China Seeks to Triple AI Chip Capacity
By Reuters | 27 Aug, 2025
In an urgent push to end reliance on GPUs from Nvidia and AMD China is building three major chip fabrication plants.
Huawei's Ascend 910C is estimated to have about 60% the processing power of Nvidia's H100 chip. (Huawei photo)
China's chipmakers are seeking to triple the country's output of artificial intelligence chips in 2026, rushing to reduce dependence on Nvidia, the Financial Times reported on Wednesday.
Huawei aims to begin production at a plant dedicated to making AI chips by year end, with two more facilities set to launch in 2026, the newspaper said citing people familiar with the matter.
The plants are designed to specifically support Huawei, but their ownership remains unclear.

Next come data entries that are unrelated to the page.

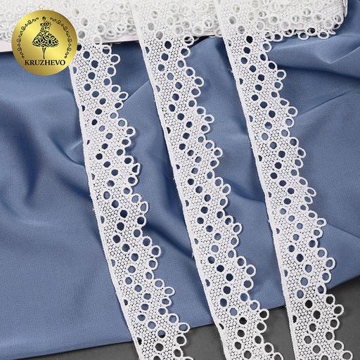 Кружево гипюр матовая нить KRUZHEVO арт.TBY.0868 шир.30мм цв.белый уп.13,71м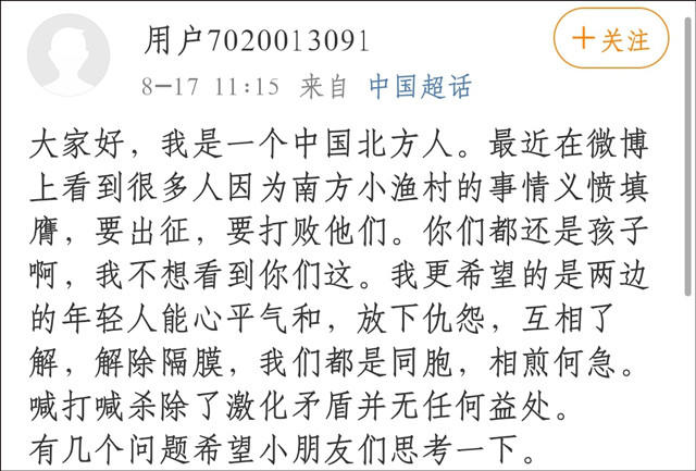 前幾天有一位自稱是“中國北方人”的微博網友@用户7020013091 在“中國超話”內就“帝吧再出徵”一事發表了看法,聲稱不想看到這樣情況發生。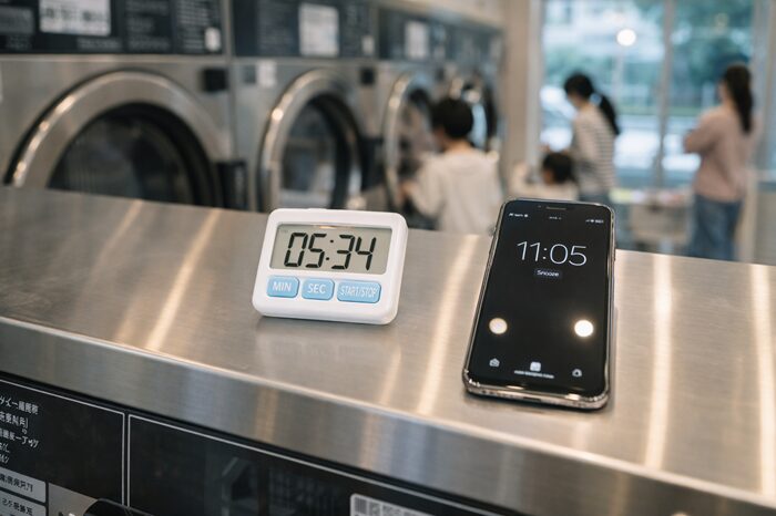 コインランドリーを使っていると、「この待ち時間、ずっとここにいなきゃダメ?」「少しだけ離れてもいいのかな…」と迷うこと、ありますよね。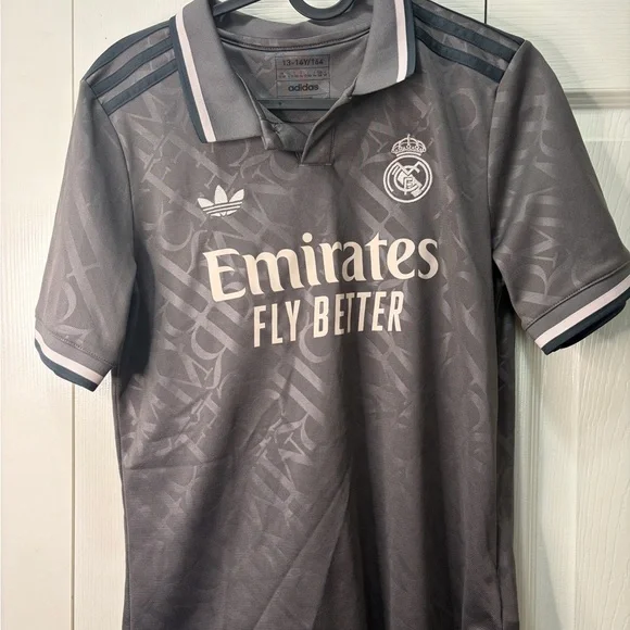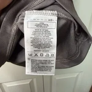 adidas short sleeve athletic top in solid gray. Soft performance knit fabric. Crew neckline with subtle rib trim. Branded logo print at inner neck. Clean, minimalist sport style.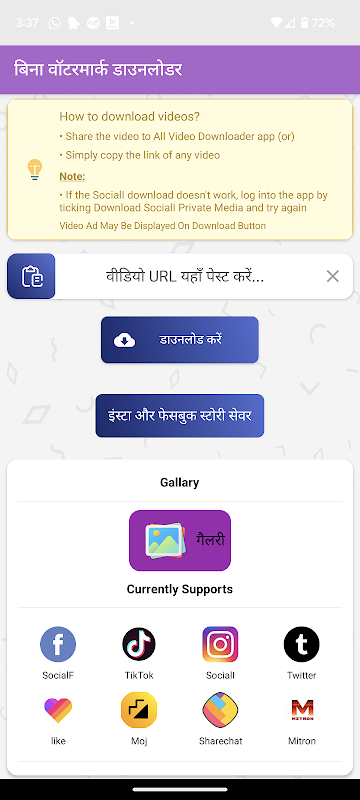 - 📥 ดาวน์โหลดวิดีโอจากแพลตฟอร์มโซเชียลมีเดียต่างๆ รวมถึง Facebook, Instagram, ShareChat, Josh, Moj และอื่นๆ

Huawei told the FT that it did not have plans for its own plants.
The combined output from the three potential plants could surpass the current production capacity of similar lines at China's top chipmaker, Semiconductor Manufacturing International Corporation (SMIC), the FT said.
SMIC plans to next year double manufacturing capacity for 7 nanometre chips, for which Huawei is its largest customer, the report said.
Huawei and SMIC did not immediately respond to Reuters requests for comment.
Beijing is accelerating work on domestic AI chips, with companies developing processors that rival the performance of Nvidia's China-special H20, about which the government has expressed security concerns.
Reuters reported in November that Huawei planned to start mass-producing its most advanced AI chip in the first quarter of 2025 despite grappling with the impact of U.S. restrictions.